- Bibby painting the Aurora 7 insignia on the Mercury-7 capsule
- Born: February 20, 1928 Los Angeles, California, US
- Died: November 14, 2012 (aged 84) Blue Ridge, Georgia, US
- Other name: Cece Bibby
- Occupation: Artist
- Employer: NASA

= Cece Bibby =

American artist

Cecelia "Cece" Bibby (20 February, 1928 - 14 November 2012) was an American artist, primarily known for her artwork on the Mercury space capsules. She was the first woman to be permitted on the launch pad, and was the artist responsible for designing the insignia for the first US crewed orbital spacecraft in 1962. She was also responsible for some of the artwork that appeared in NASA's employee newspaper, Space News Roundup.

== Early life ==

Bibby spent much of her early years as a ward of the Freemasons, having lost her father at an early age.

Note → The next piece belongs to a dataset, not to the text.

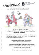 Am Sonntag, 09. November 2025 Treffpunkt: 17:00 Uhr am Parkplatz der Pizzeria Bella Italia, Austraße am Tennisplatz Der Martinsumzug verläuft vom Parkplatz am Tennispark, Austraße, zur Kirche St. Konrad. Dort findet anschließend... weiterlesen

At the Masonic Home for Children, she developed her passion for art.

== Personal life ==

Bibby and Wally Schirra, painting the logo on Mercury-8.

Bibby left NASA in 1970, and moved to Blue Ridge, Georgia, with her naval officer husband. In her latter years, her popularity went through a revival as she travelled the country to autograph events, meeting some of the original Gemini crew and creating new versions of the original artwork.